Not an Industry like any other
• Not firms but projects; • Networks not chains; • Relational or tacit knowledge deeply
embedded in place; • Complex scaling where very local and small
can have global contacts.
Not just an Industry like any other
• Value and values. • Economic value derived from cultural value.
Cannot just focus on the former without understanding the latter.
• Understanding how the complex ecosystem produces the specific kind of value that gets to generate income.
Uneven Playing Field
• Echo more general complaints about global trade.
• Ecosystems cannot be generated overnight –include huge amounts of sunk capital – in cultural infrastructure and institutions, in knowledge and relations that cannot be built over night (cf. China).
• Global nodes are “sticky”. London, New York etc.
Uneven Playing Field
Built-in inequalities between North and South – we all know this in the world of IP and it is getting worse.

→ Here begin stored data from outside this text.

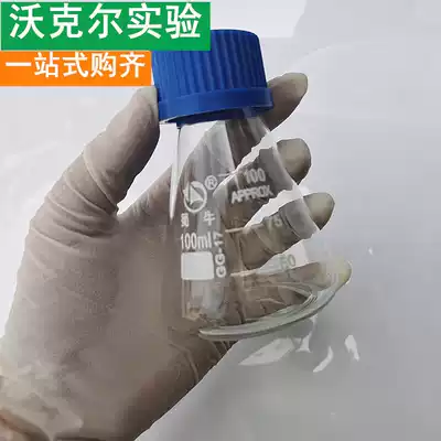 Experimental consumables Shu Niu glass spiral triangle flask Cone flask Black cover small mouth Blue cover large mouth High temperature resistance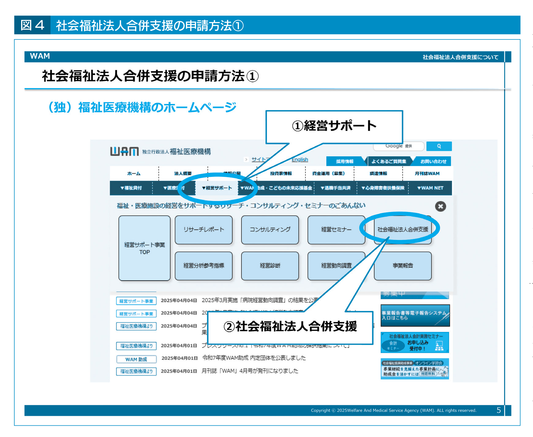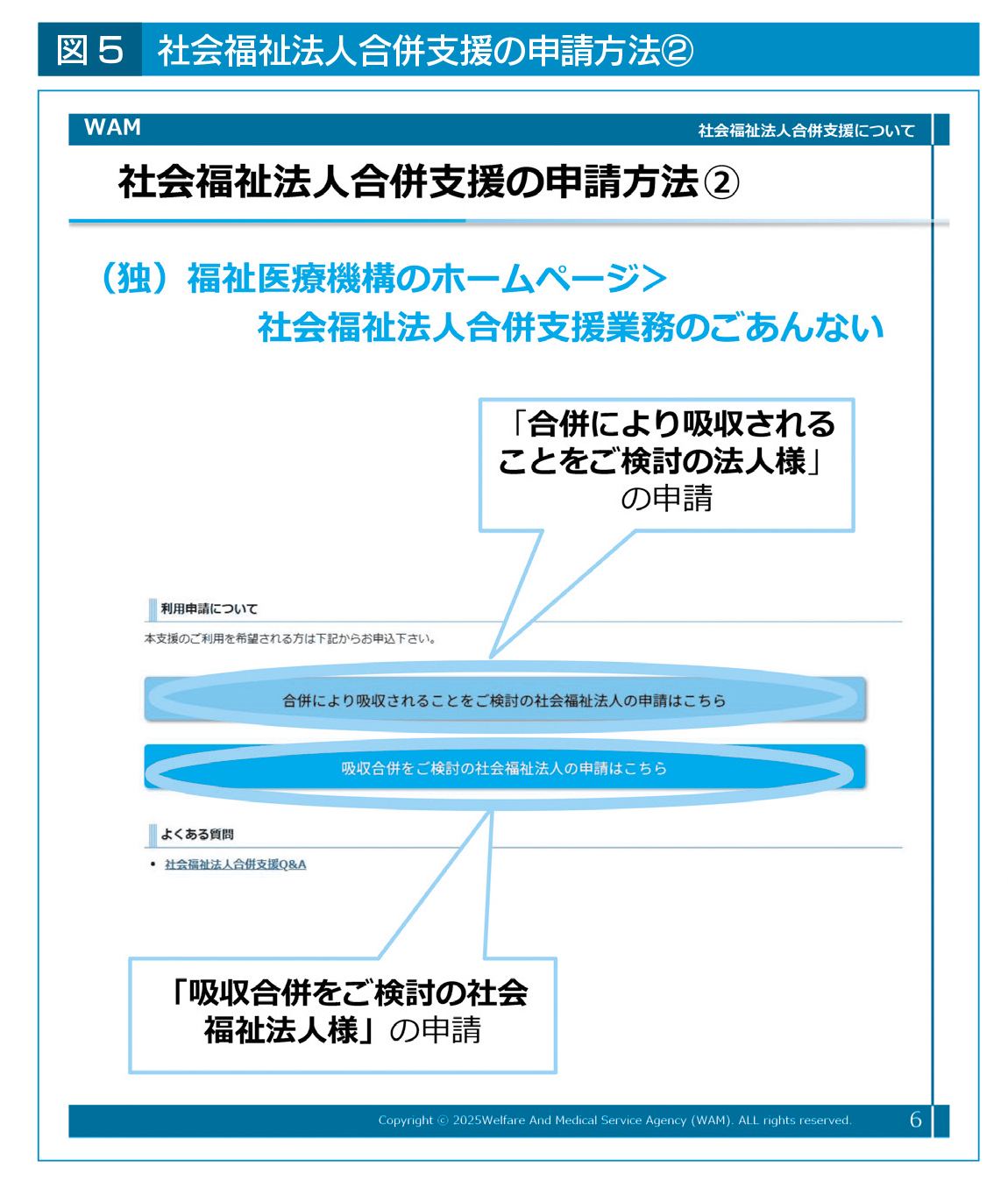 社会福祉法人合併支援の申請は、福祉医療機構のホームページから経営サポート→社会福祉合併支援に進み(図4)、「合併により吸収されることを検討している法人」と「吸収合併を検討している法人」でそれぞれ別のリンク先に進んで申請することとなる(図5)。申し込みは必ず法人の役職員が行う必要があり、役職員ではないコンサルティング会社等が代行して行うことはできない。福祉医療機構のホームページでは、同支援事業のQ&Aも公開している(別掲参照)ので、参考としたい。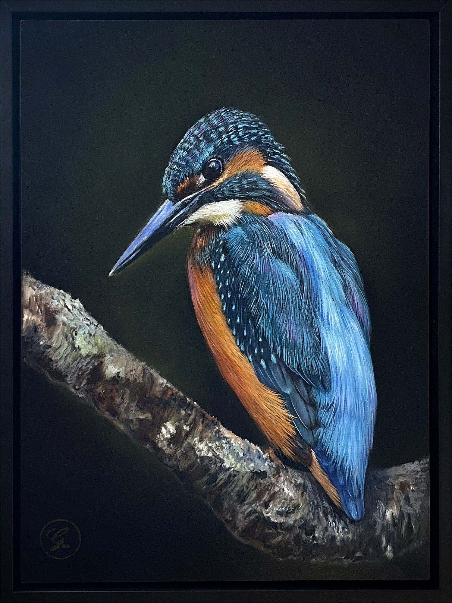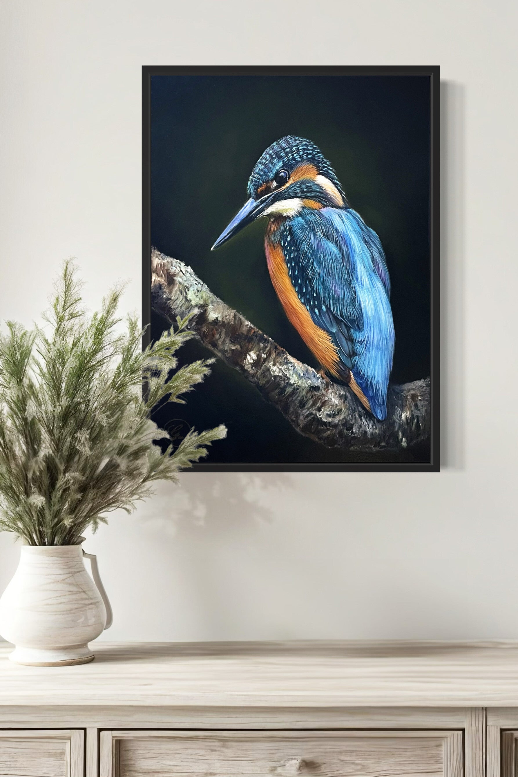 Dit unieke schilderij van een ijsvogel (30x40 cm, olieverf op paneel) is ingelijst in een stijlvolle zwarte baklijst die moeiteloos in elk interieur past.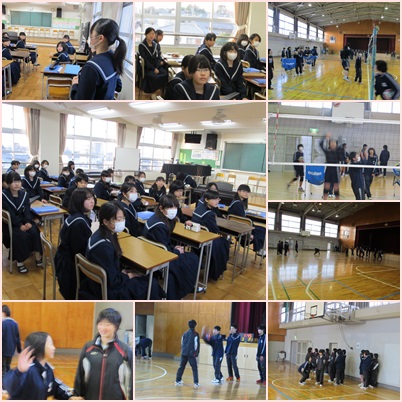 次に体育館へ行きました。バスケットボール部、バレーボール部総勢、80名以上で活気ある練習を行っていました。最後に、グランドへ行きました。ソフトボール部6名、ソフトテニス部11名の少し寂しい練習でした。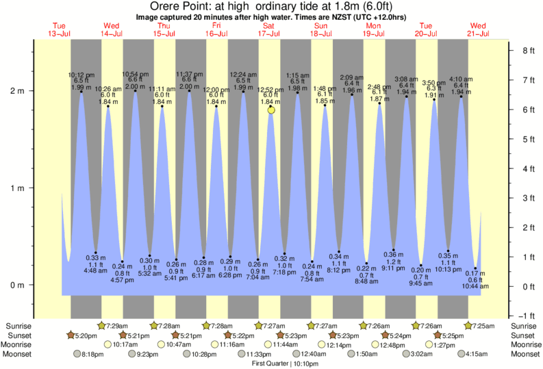 Forecast wind and swell just offshore from Orere Point around the time the photo was taken

So too in creative industries.
Exaggerated Claims
• UNCTAD report: developing countries accounted for 50% - but take China out and this is 20%. Taken BRICS out and it drops further.
• Idea of a ubiquitous creativity available to all is incorrect.
• The rolling out of models of a commercially driven start-up economy trading globally through the access to the internet, as if Lagos or KL were to become the next LA, London or Seoul are illusions.
But a Real Potential
This is not to say that the creative economy is an illusion. It will be essential to development….
We just have to think carefully about what we mean by development.
Creative Economy
• A creative economy policy is not, in the end, distinct from the older ‘culture and development’ agenda.
• Sen and Nussbaum: capacity building. This includes education, commitment to freedom/ dignity and personal advancement
• It includes measures of human well-being beyond GDP – hence the Human Development Index.
• All essential to any creative economy – the broad capacity of the population.
Creative Economy
Needs to view the economic is a different light:
• Not the ‘Washington consensus’ of export driven growth
• Nor under-development as a lack of resources to be found elsewhere.
Creative Economy
Any creative economy strategy has to build on local resources and be about livelihoods in the
local economy. This demands a recognition of the diversity of
economic activity outside what textbooks say is ‘real’ activity –anything not done for wages or as
part of a formal economic transaction.
Creative Economy
Development theorists highlight unwaged, domestic, communal, gift, voluntary, self-
employed activities as a way of showing the vast amounts of activity taking place in areas which
economists write off as ‘poor’. This is exactly the kind of economy which has
always marked out the cultural or creative sector.
Creative Economy
• Creative economy should not be approached as the first wave of the new post-industrial order, the high-value sector which will allow countries to catch-up (yet again) with the developed west.
• Should be seen as part of a different capacity building agenda, one that can connect with new approaches to development and ways of valuing traditional, domestic, agricultural, subsistence, voluntary and cultural economies alongside that which is formally recognized.
Creative Economy
One this huge mid-shift has taken place then we can begin to specific what a creative economy policy looks like.
Those challenges around networks, projects, multiple-values, tacit skills – are these not similar to other ways in which dominant development narratives have been challenged?